Description of the data and problem:
I have a signal sampled at 1000 Hz. I'm low-pass filtering it at 120 Hz, and want to make spectrograms of the frequencies below this threshold. I'm using the scipy functions fftpack.fftfreq
to get the Fourier coefficients, then fftpack.fft
to do the actual transform.
The signal is quite long, and I want the spectrograms to be about 5 seconds in length using 50 millisecond windows. I also filter out negative frequencies for plotting. Given the number of samples in this window (50), I get 50 Fourier coefficients. However, half of these are negative, and another portion goes between 120 Hz and 500 Hz (naturally, because the sampling rate is 1000 Hz).
This leaves me with pretty low-resolution spectrograms. I only have about 6 blocks in the frequency area of interest (0, 20, 40, 60, 100, and 120 Hz), then 18 blocks showing low activity in the frequencies up to 500 Hz, since they were filtered out.
Question:
How could I, for instance, do the FFT specifying something like 50 frequency bins between only 0 and 120 Hz?
What I tried:
I tried doing something like this by using np.linspace
to specify the frequencies (instead of fft.fftfreq
), but this introduced some other bug, namely the spectrograms always looked like a mirror, with high power at the highest and lowest frequencies and low power in the middle of the graph, regardless of the range.
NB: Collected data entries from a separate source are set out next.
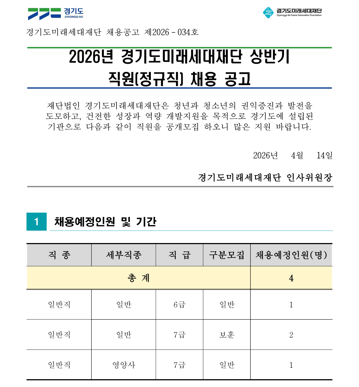 2026³â °æ±âµµ¹Ì·¡¼¼´ëÀç´Ü »ó¹Ý±â Á÷¿ø(Á¤±ÔÁ÷) ä¿ë °ø°í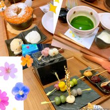 ここ最近は毎年ここに行ってる。子連れフレンドリーで眺めも良くてよいレストラン 👦👦がここの七福団子が大好き。自分で七輪で焼いて、お好みでみたらしやあんこを付けて食べるのが楽しいらしい。 去年とはフレーバー違いのほうじ茶スフレパンケーキと自分で立てる抹茶ラテ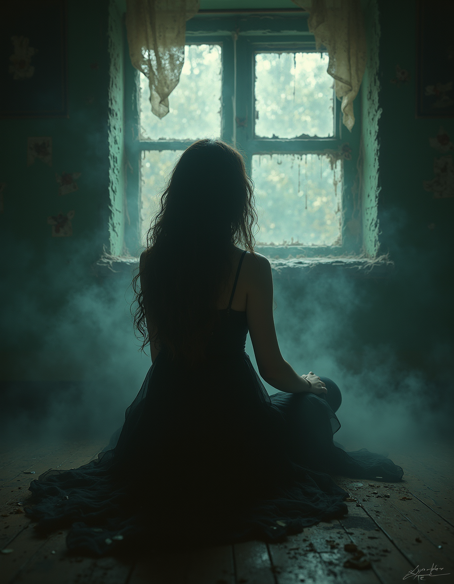 in the style of cksc, dark fantasy aesthetic. , natural colors, , epic. luminescence, ultra realistic, hyper detailed, soft lighting , epic scale. (detailed digital painting, detailed oil painting). Dreamlike scene involving a woman in a state of contemplation. It combines elements of reality and lost memories., perfection,perfect,filmic,retro,vintage,classic,different look,different style,different people, 1970's style , 1970 style, shallow depth of field, vignette, highly detailed, high budget, bokeh, cinemascope, moody, epic, gorgeous, film grain, grainy... masterpiece, best quality, medium-format camera, high-contrast, dramatic lighting, striking composition, The overall composition feels cinematic. mythp0rt, melissamendiny, aidmaimageupgrader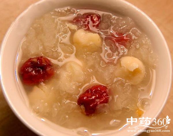 用银耳、桂圆干、枸杞、红枣熬汤,此汤不仅是美味,还能丰胸,使你的脸色白里透红,体态轻盈苗条。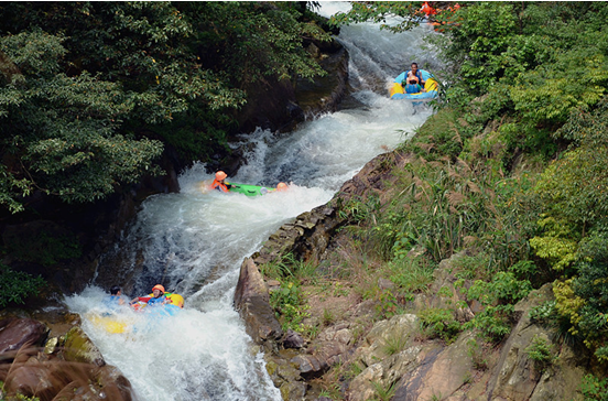人在水中漂,如在画中游,游人可自由选择不同漂程感受不同的的刺激乐趣,既可享受澎湃刺激又安全可靠,漂过一山又一山,赏过一景又一景,令人流连忘返。突兀间,一块巨大的石头拦住去路,几经峰回浪转;却又顿觉豁然开朗,沿途风景各不相同,可谓“一步一景,远近不同天”。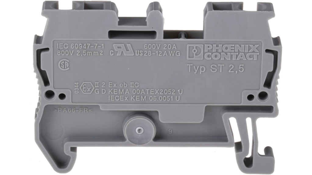 Morsettiera passante Phoenix Contact, colore grigio, livello singolo, corrente nominale 24 A, tensione nominale 800 V, compatibile con cavi da 28 a 12 AWG, montaggio su guida DIN, materiale in poliammide, temperatura operativa da -50 a +110 gradi Celsius, bassa resistenza di contatto 1,04 mΩ, certificazione ATEX per ambienti esplosivi, progettata per applicazioni industriali e ferroviarie. Codice costruttore 3031212.
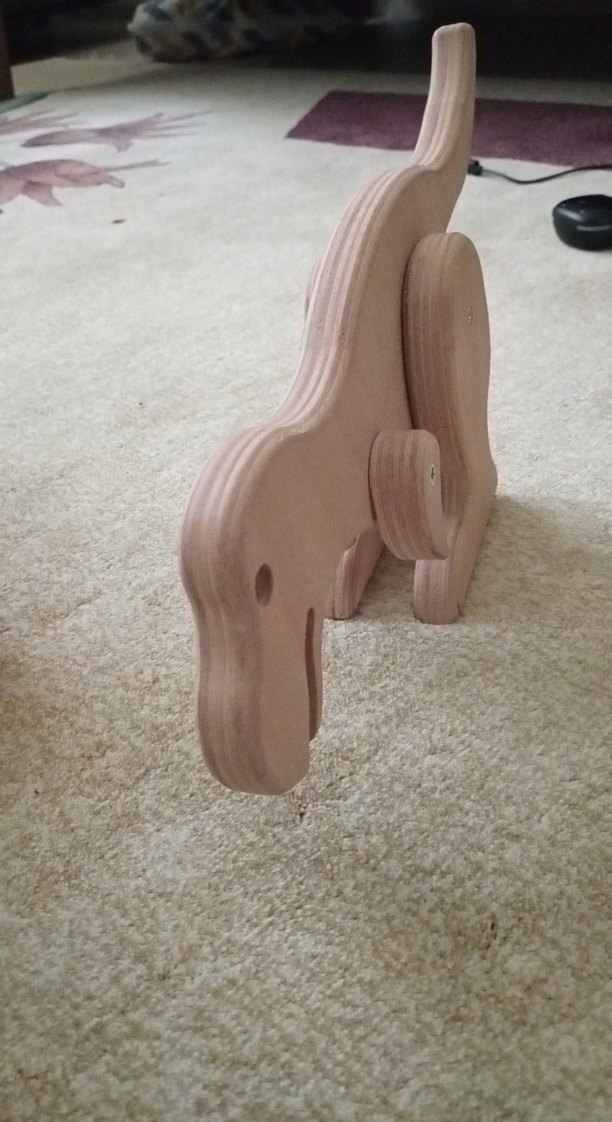 Pastel bej renkte, doğal ahşaptan yapılmış, yumuşak kenarlı ve basit tasarımlı dinozor şekilli oyuncak.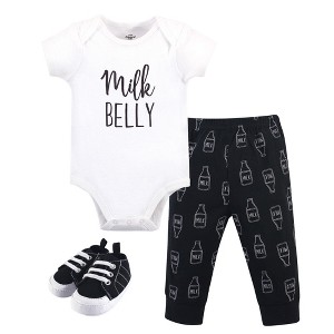 Little Treasure Baby Boy Cotton Bodysuit, Pant and Shoe 3pc Set, Milk Belly - 1 of 1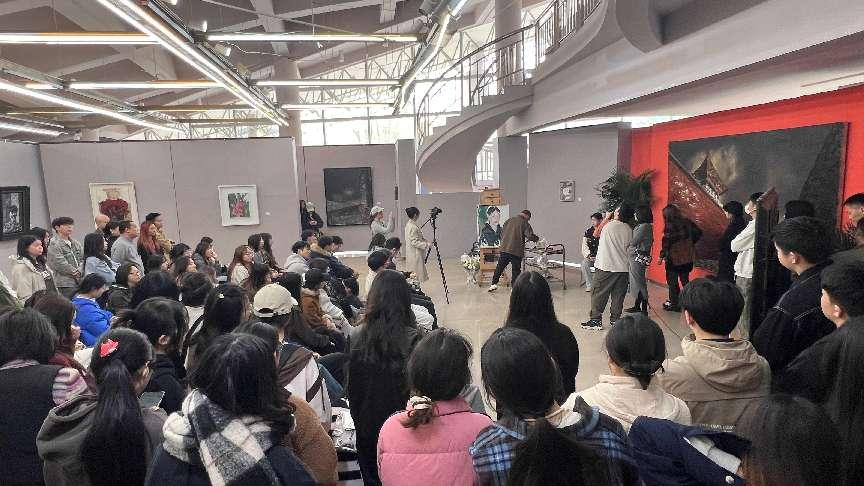 开幕式后,段江华教授以别具匠心的艺术实践为师生呈现了一堂生动的人物写生示范公开课。在示范现场,艺术家执笔挥彩,通过油彩媒介的淋漓演绎,将艺术创作的过程转化为直观的教学语言。其技法呈现彰显深厚的造型功底——从精微的笔触调度到整体视觉结构的把控,再到艺术表现力的凝练提升,层层递进间构建起完整的创作思维体系。示范过程中,段教授始终强调艺术追问的重要性,引导青年学子在技艺精进的同时深化对绘画本质的思考。这场融技法示范与美学思考于一体的艺术课堂,不仅令在场师生叹为观止,更以知行合一的教学方式践行美育使命,引发深度思考与广泛赞誉。
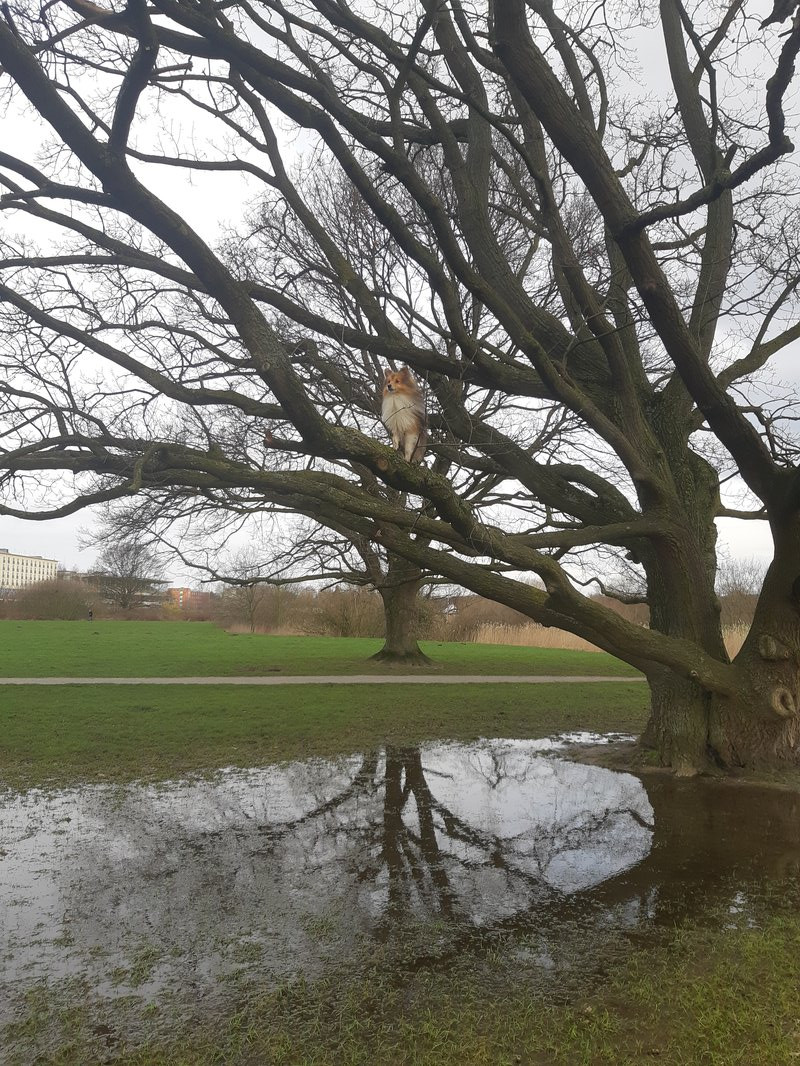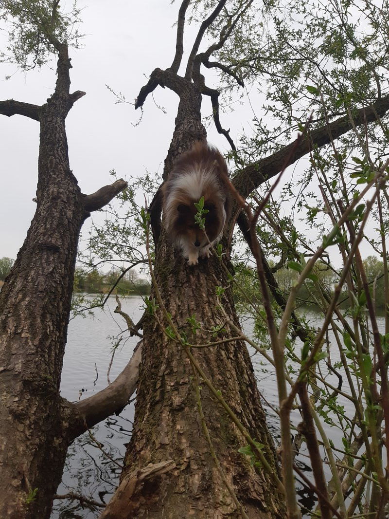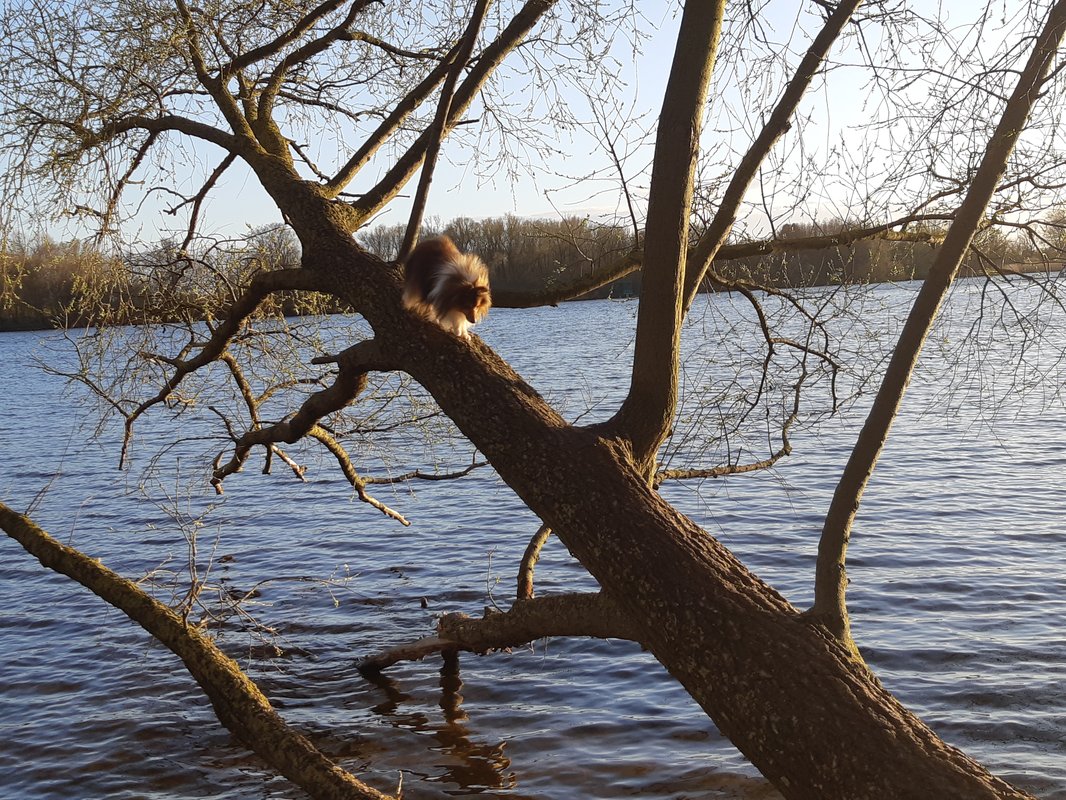 Er wollte nicht gerne schwimmen,also kletterte er auf diesen Ast,und lief dann ständig hin und her 😅🤦🏻♀️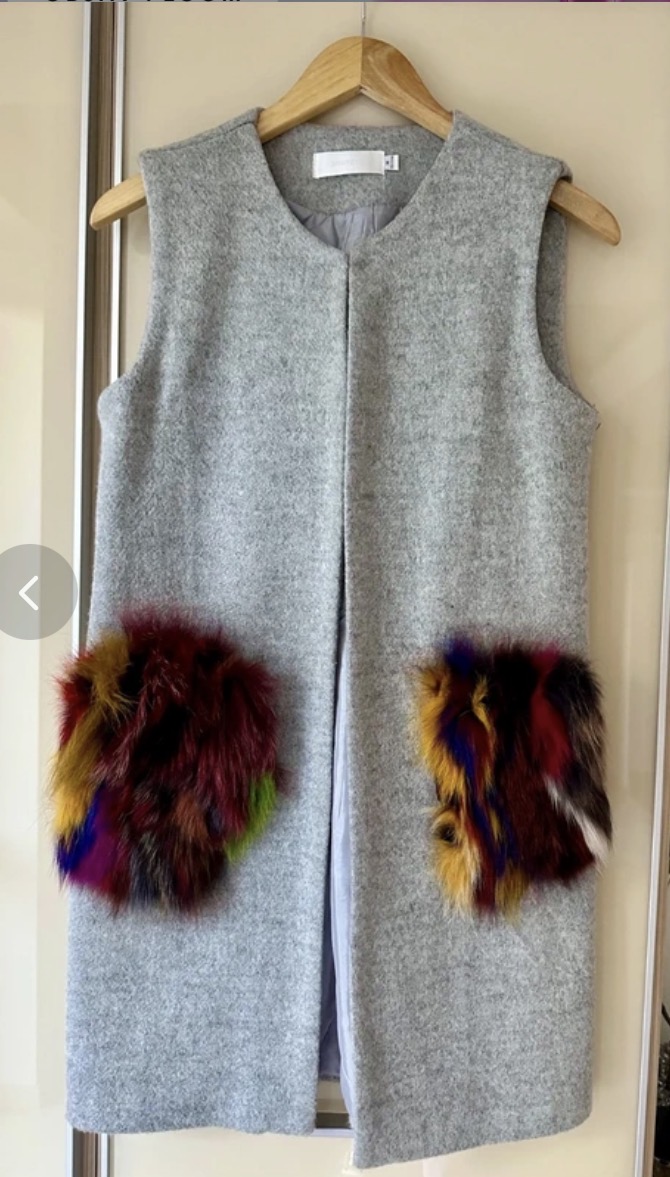Krásna vesta v top stave, ako nová. Zapínanie v predu na jeden háčik. Nádherné vrecká oživia celú vestu.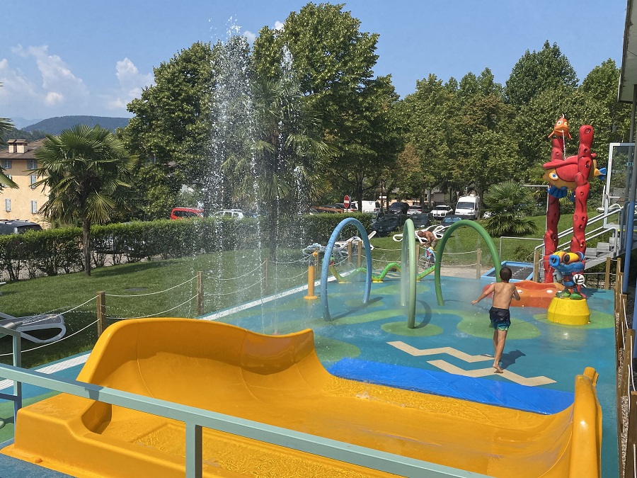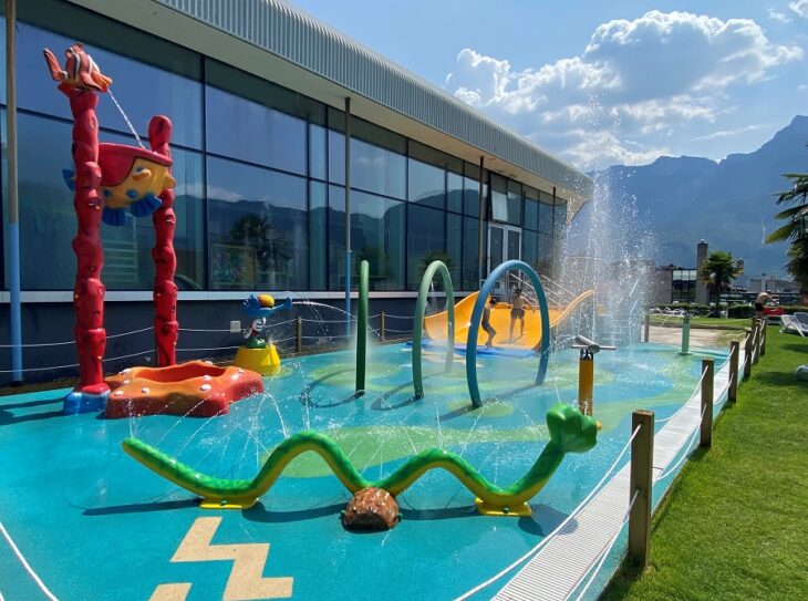 Siamo stati a provare il nuovissimo spray park della piscina comunale di Levico Terme. Si trova in piazza Dalla Chiesa, presso il centro polisportivo, con ampio parcheggio gratuito. All’interno troviamo una piscina da 25 metri per gli amanti del nuoto e la gettonata vasca benessere, usata sia per l’attività con i bambini che per le attività riabilitative, con una profondità massima di 1,20 metri. Al suo interno ci sono fontane rilassanti, idromassaggi e una confortevole temperatura di 34 gradi.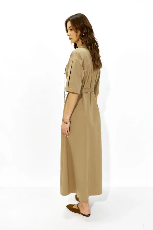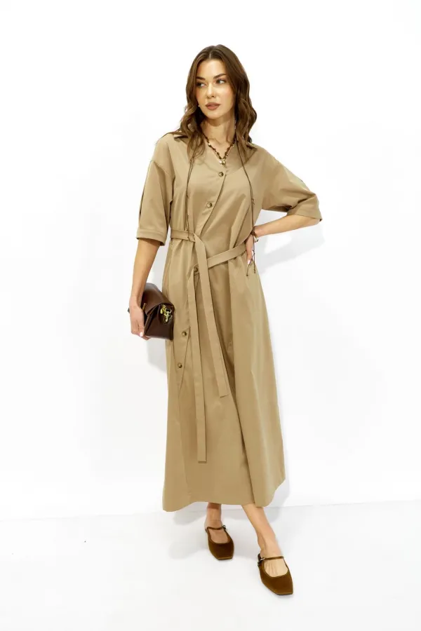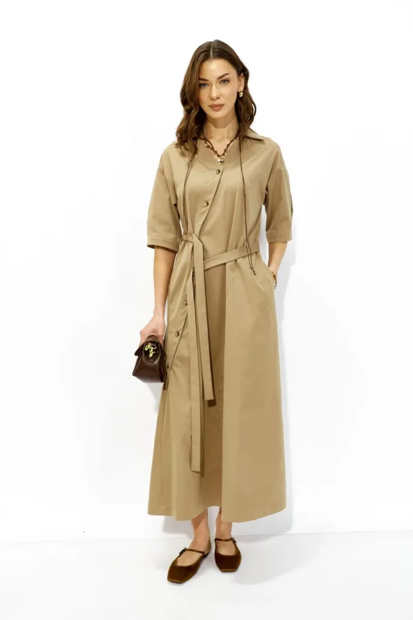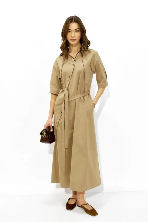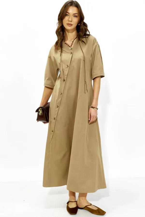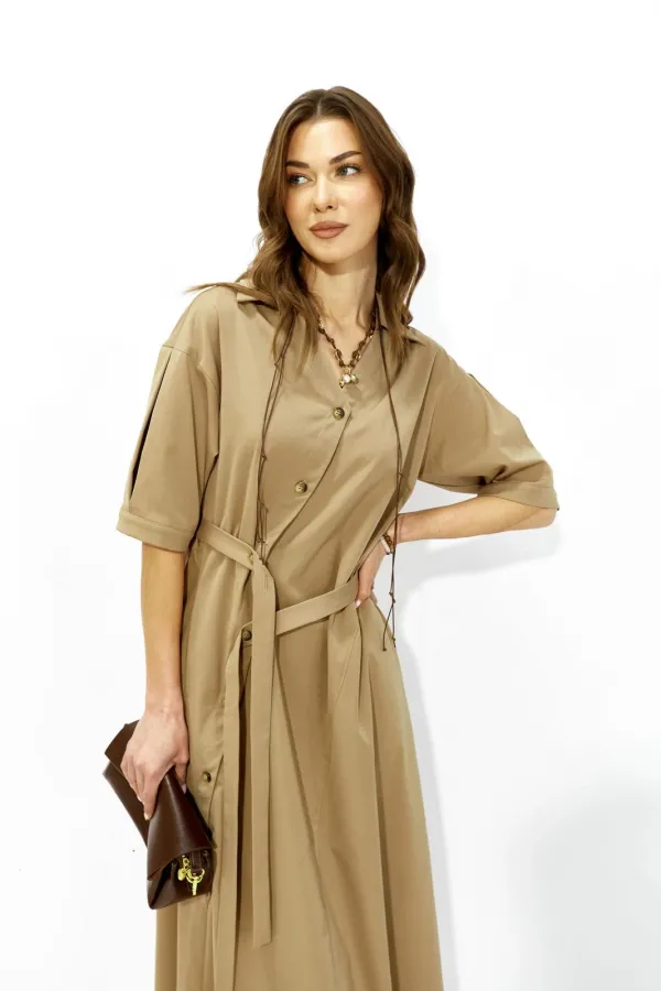 Стильное платье А-силуэта, расширенное к низу из плательной ткани. Застежка смещенная на отрезную планку с пуговицами в натуральном стиле. По переду фигурный ассиметричный подрез. Спинка по линии талии отрезная. Линия плеч спущена, рукава со встречными складками по центру и притачными манжетами по низу. Платье дополняет пояс, застегивающийся на пуговицы планки. При желании пояс можно завязать или носить платье самостоятельно без пояса. Обращаем ваше внимание, что фурнитура может отличаться от фото.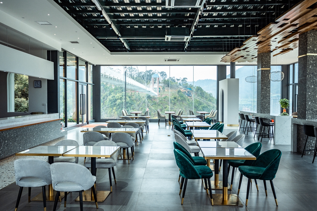 网红打卡桥,玻璃桥悬于两山之间,高40米,长度200米。两峰地势险峻、崖壁陡直,中间裂谷横穿。

I'm honestly not sure why this happens with linspace and not with fftfreq. They both return arrays of floats.
Code sample included below. Thanks for any help in advance! Cheers
X = samples_filt # long 1-D vector of low-pass filtered samples
fs = 1000
time = .05 # window length in sec
N = int(fs * time) # num samples
tot_len = 5 * fs # 5 sec of the whole signal
X = X[:tot_len]
f = fftpack.fftfreq(N, 1.0/fs)
# f = np.ceil(np.linspace(0, max_freq, 52)[1:51]) # introduced error described above
mask = (f > 0) # mask for positive freqs
n_max = int(np.ceil(X.shape[0] / N)) # the number of segments of length N in the sample array data
f_values = np.sum(1 * mask) # how many values meet mask reqs
spectogram_data = np.zeros((f_values, n_max))
window = sp.signal.blackman(N) # taper used to improve contrast of spectrogram
for n in range(0, n_max):
subdata = X[(N * n):(N * (n + 1))]
F = fftpack.fft(subdata * window)
spectogram_data[:, n] = np.log(abs(F[mask]))
fig, ax = plt.subplots(1, 1, figsize=(8, 6))
p = ax.imshow(spectogram_data, origin='lower',
extent=(0, X.shape[0] / fs, 0, max(f)),
aspect='auto',
cmap=mpl.cm.RdBu_r)
cb = fig.colorbar(p, ax=ax)
Sample output:
For instance, it would be great to have this same graph with 24 frequency bins going up to 120 Hz.